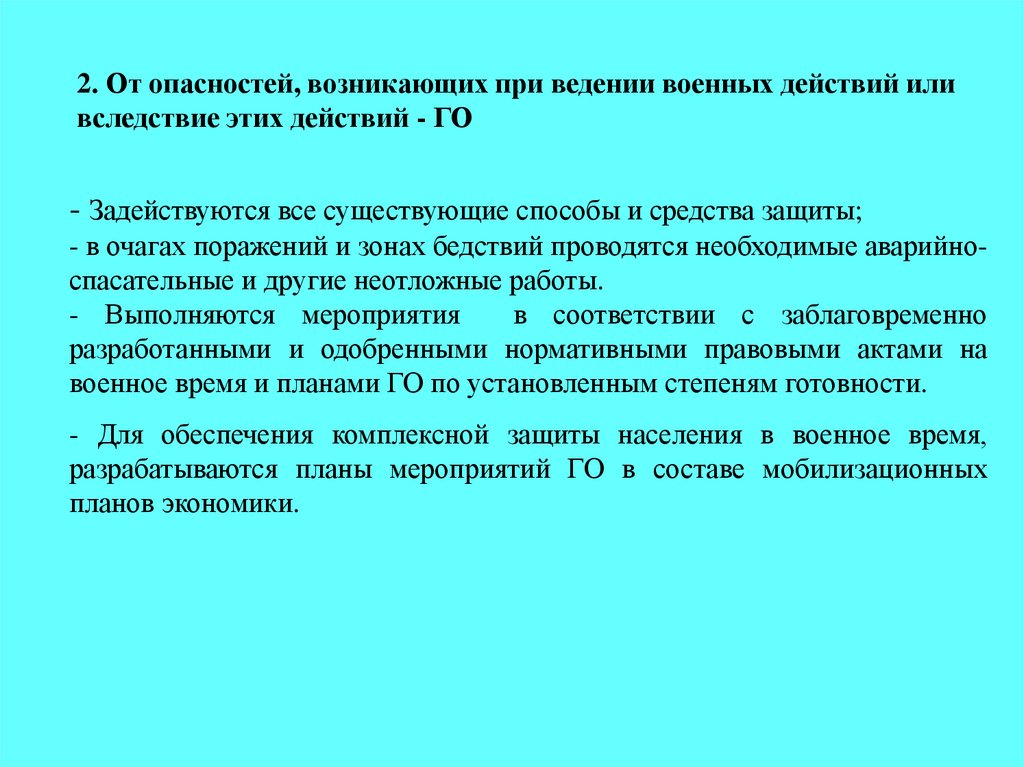 2. От опасностей, возникающих при ведении военных действий иливследствие этих действий - ГО
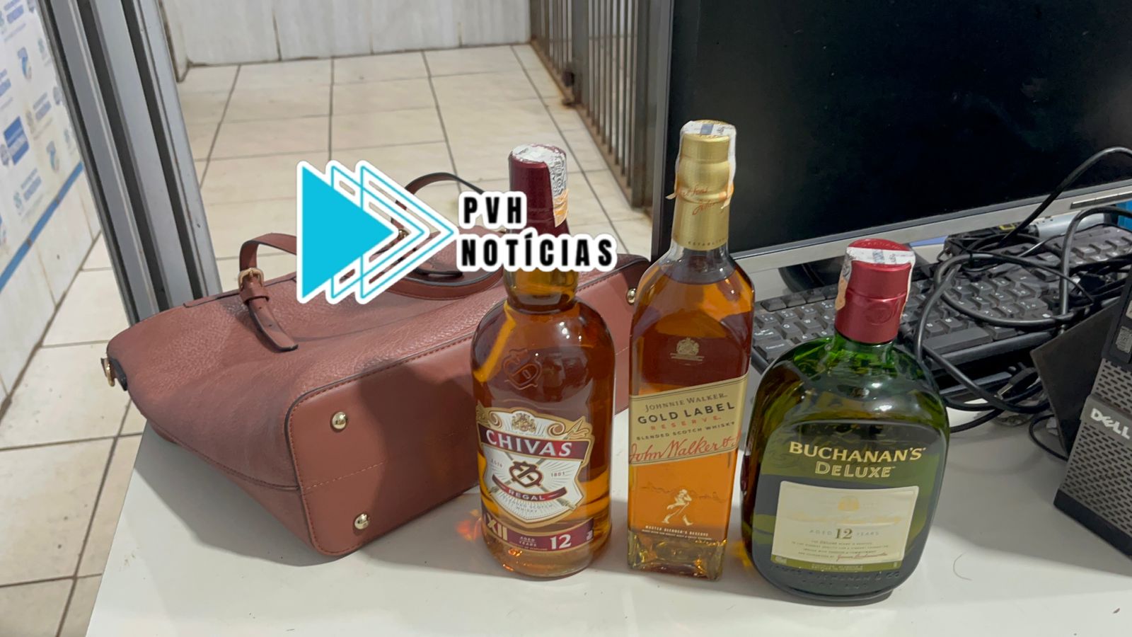 De acordo com a PM, a suspeita usava uma bolsa feminina quando colocou três garrafas de whisky, sendo Chivas, Johnnie Walker e Buchanan’s de Luxe.
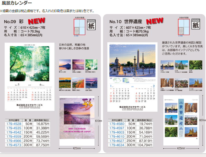 \今ならスーパー早割10%OFF/2018年度 名入れカレンダー
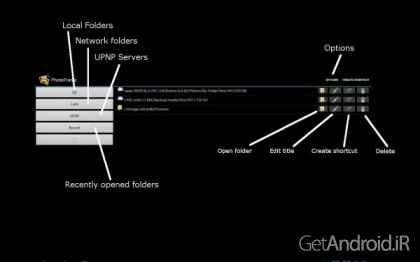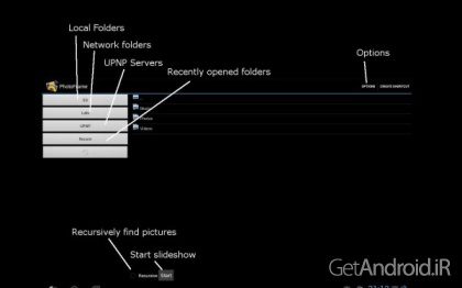 * انتخاب یک پوشه محلی، یک شبکه اشتراکی samba/windows (پشتیبانی از دسترسی ناشناس و تصدیق شده) یا استفاده از یک سرور UPNP برای نمایش عکس ها

▶ [Directions] Give back only the lines from the one that carries "De acordo com" through the final line above, both included. Drop all pictures.

▶ [Final answer]
 De acordo com a PM, a suspeita usava uma bolsa feminina quando colocou três garrafas de whisky, sendo Chivas, Johnnie Walker e Buchanan’s de Luxe.
 \今ならスーパー早割10%OFF/2018年度 名入れカレンダー
 * انتخاب یک پوشه محلی، یک شبکه اشتراکی samba/windows (پشتیبانی از دسترسی ناشناس و تصدیق شده) یا استفاده از یک سرور UPNP برای نمایش عکس ها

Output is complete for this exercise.